COCO statistics
validation = 40504
train = 82783
Total = validation + train = 123287
total size = 18881856 K
- download json file, then please extract it.
$ bash download_annotation.sh
$ unzip -d . captions_train-val2014.zip
- download using single process
$ python3 cocofetch.py captions_train2014.json
[crunch, crunch, crunch...]
$ python3 cocofetch.py captions_val2014.json
[crunch, crunch, crunch...]
- scan for broken jpegs, delete them
$ python3 check_jpeg.py pool/ | tee junk
$ cat junk | awk '{print $3}' | xargs rm # remove troublesome images
then you should switch download URL from flickr to mscoco in cocofetch.py
, and download again. (existing images will be skipped, so this is fast.)

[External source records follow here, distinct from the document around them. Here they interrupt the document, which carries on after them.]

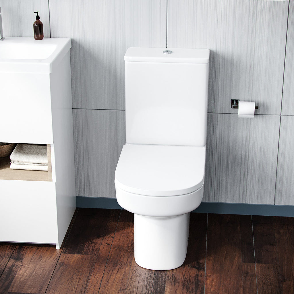 An ultra-contemporary White Rimless Close Coupled WC Toilet with Open Back Pan that comes with Cistern & D-Shape Soft Close Seat. It offers a modern design with clean edges, making it a great addition to your modern bathroom. The toilet features a soft-close, quick-release toilet seat, to prevent damage. An excellent size that is flawless for any regular or small bathroom and cloakroom.
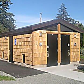 Romtec designed a longer version of our Sierra Quattro building that would accommodate the unisex and handicapped accessible toilet and shower rooms as well as a large storage/office area. They provided commercial china fixtures that look like home but hold up to the demands of a commercial environment. Each restroom and shower room allows for individual use while also accommodating those with special needs as well as those adults with a few kids in tow. All are afforded the ease of use, privacy and security they want. A unique cedar-shake siding was chosen for the exterior, giving that beach bungalow look that will appropriately grey with age and weather affects. The Cascade Locks Campground received an attractive facility, meeting all of the needs of their patrons, designed specifically to their unique requirements.
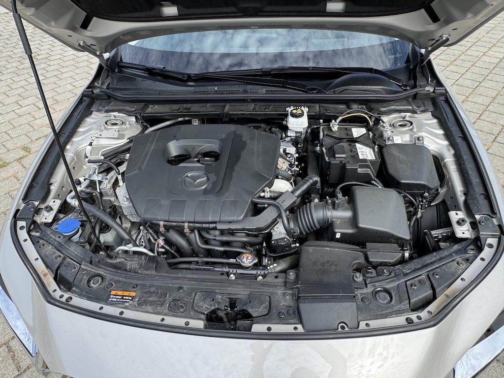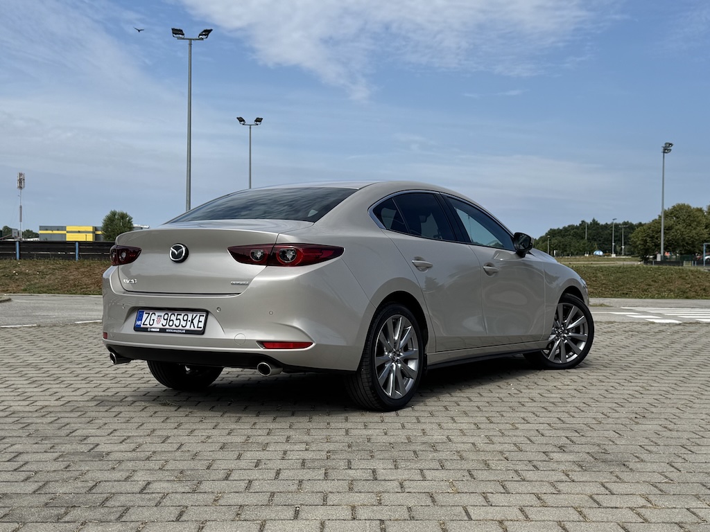 Aktualna Mazda3 dio je filozofije Kodo – duša pokreta dizajna Mazde ali ćemo se prvo usredotočiti na dušu koja je u ovom slučaju pogonski agregat. Radi se o 2,5 litrenom četverocilindrašu bez turbo punjača, dakle o nečemu što je danas gotovo nemoguće pronaći na tržištu obasipanom downsizing motorima. Ovaj motor iz e-Skyactiv G generacije opremljen je i Mazdinim M Hybrid sustavom koji nudi vrlo dobre performanse uz smanjenu potrošnju goriva. Motor e-Skyactiv G razvija 140 KS uz najveći okretni moment od 238 Nm pri 3.300 o/min. Potrošnja goriva također je primjerena aktualnim WLTP standardima za ovaj segment vozila te iznosi prema navodima 6,0 l/100 km u mješovitom ciklusu. U praksi tijekom sedmodnevne vožnje u vrlo različitim uvjetima potrošnja nam nije prelazila 8 l/100 km. Naravno da se radi o motoru koji zadovoljava najnovije WLTP propise. Ovaj motor ima naprednu tehniku deaktivacije cilindara i Mazda M-Hybrid sustav. Svi modeli Mazde3 s motorima e-Skyactiv generacije standardno su opremljeni 24V blagim hibridnim sustavom, koji pomaže u smanjenju potrošnje goriva. ISG (Integrirani starter generator) pretvaraj kinetičku energiju dobivenu retardacijom u električnu energiju te je pohranjuje u li-ion bateriju.

- scan for missing files if any.
$ python3 scan_missing XXX.json
if it says nothing, no picture is missed.
Happy hacking!
first we split json files
$ python3 split.py annotations/train.json
then start 2 processes to download
$ python3 cocofetch.py annotations/train.json.left
$ python3 cocofetch.py annotations/train.json.right
Tip: you can split the json file for several times, so you can launch more processes.
$ python3 split.py annotations/train.json.left
$ python3 split.py annotations/train.json.right
$ ... cocofetch.py train.json.left.left &
$ ... cocofetch.py train.json.left.right &
$ ... cocofetch.py train.json.right.left &
$ ... cocofetch.py train.json.right.right &